Policing produces homelessness. An overlooked aspect of homelessness in Metro Vancouver has been the closure of trailer parks (manufactured home parks) and evictions of their residents in Surrey. In the last few years, at least 5 trailer parks have been evicted on King George Boulevard between Whalley and Newton alone—hundreds of people made homeless. Police and bylaw enforcement have propelled these closures and evictions—demonizing and criminalizing residents (for drug use, sex work, etc.), imposing fines to create the grounds for eviction.

Police and bylaw start by harassing people living in the parks, and also harassing some of the park owners. The issues used are staples of police stigmatization and criminalization—they say “well there’s drug trade happening in that park” or “there’s sex work happening in that park” or “sex workers are living in the park.” They use those excuses to ticket people who are then faced with eviction. Owners are pushed to close the parks. The result is gentrification as the former parks become development sites for higher end condos and town houses that the evicted cannot afford to move into.

Ahead of the eviction of the Town and Country RV Park on King George Boulevard Jas Rehal, manager of bylaw and licensing in Surrey, was open about the targeting of residents for activities like drug use and sex work. He stated: “The primary concern is … the hotbed of crime that’s happening in that trailer park, illegal activity and the complete refusal to work with us. Rehal named that so-called “criminal activity as a “combination of drugs and prostitution.” He also said the RV park repeatedly stands in violation of a number of bylaws and fire codes, and hosts “a lot of junk on the property they refuse to clean up.”

According to Cpl. Scotty Schuman of the RCMP, police have identified the property as a “high-risk location.”

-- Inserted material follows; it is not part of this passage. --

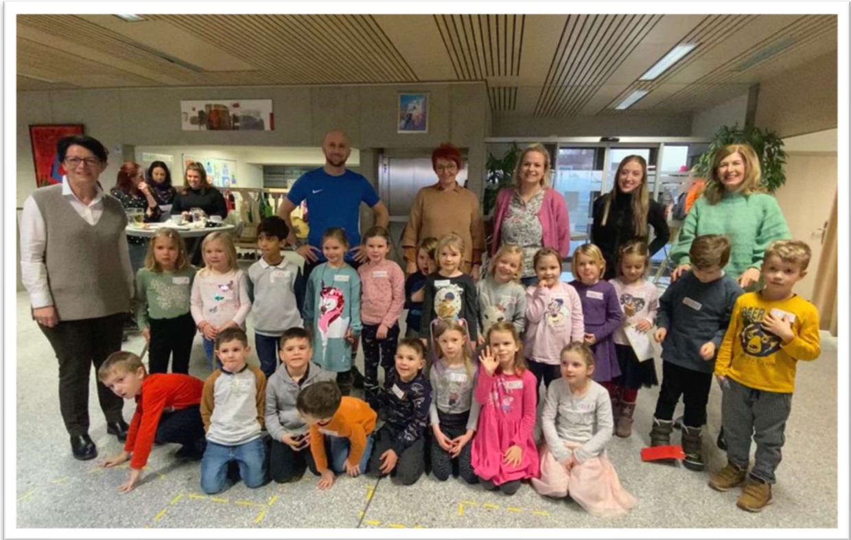
Unsere 21 künftigen Schulanfänger:innen – „Bald bin ich ein Schulkind!“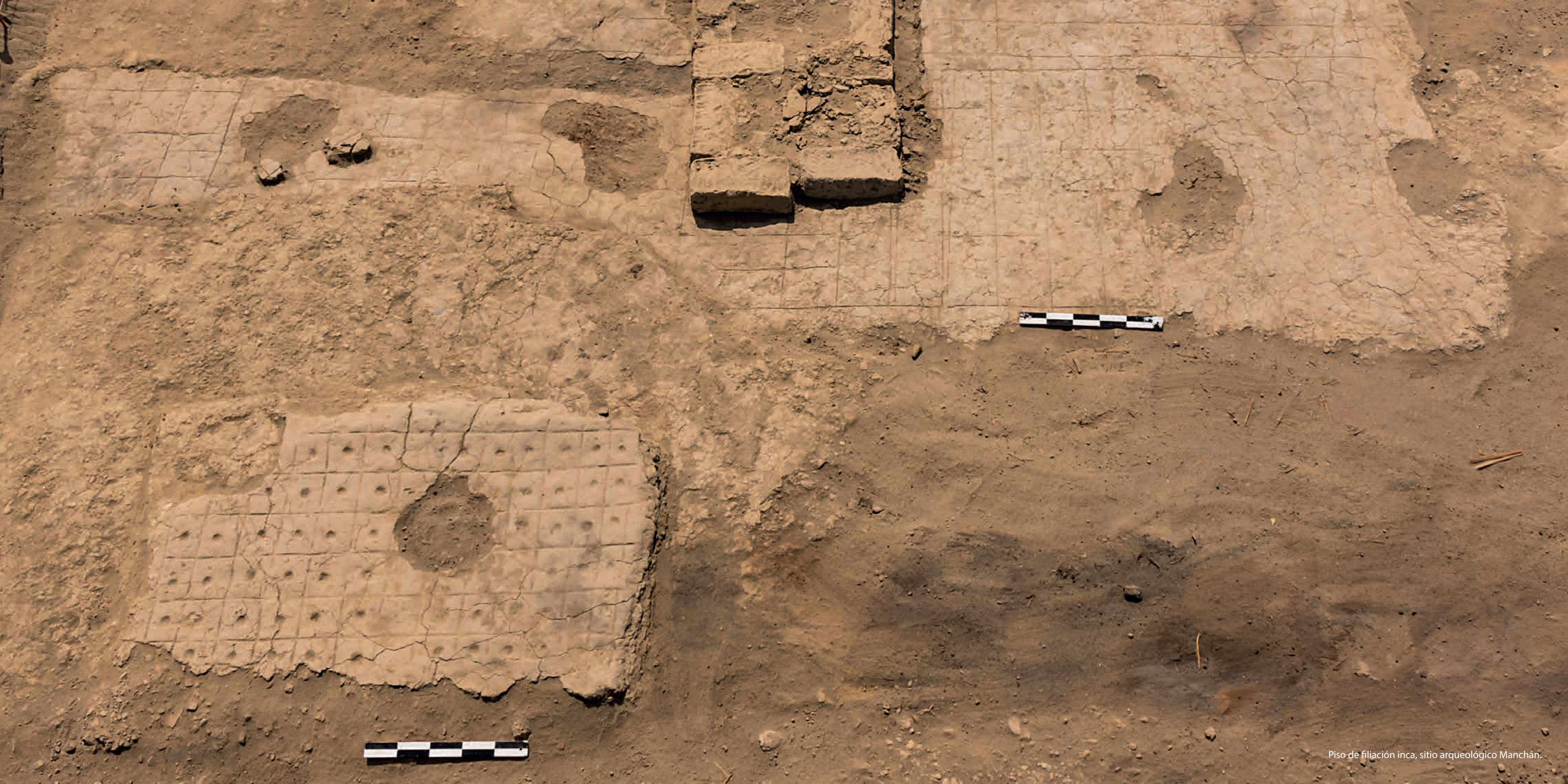
Piso de filiación inca, sitio arqueológico Manchán.

In his view, “That’s somewhere where public safety is constantly an issue,” adding that drug-trafficking—allegedly involving methamphetamine, cocaine, and marijuana is a problem for the cops and that “several warrants” were executed at the property over the course of year. That simply confirms that the RCMP have repeatedly targeted the park

Adds Rehal: “We cannot support keeping this business operating—it’s causing too much of a negative situation in the neighbourhood. The owner is not doing what the owner needs to do to make it safe…we were left with no other option.” But closing the parks does not hurt the owners who sell the lands.

The people who really have no other option are the residents who have been evicted. This is policing created homelessness. It is another example of police serving the interests of businesses and developers, not the public safety of poor, working class people.

The police and bylaw work to evict people from lower cost housing that is then gentrified making huge profits for developers, landowners, and even the former park owners who make millions on the sales. And police and bylaw can use the “work” they have done against the parks to justify a need for increased budgets. The only ones who lose out are the residents. Even those who are “re-housed” lose their connection to home, community, friends, and lose their autonomy and independence.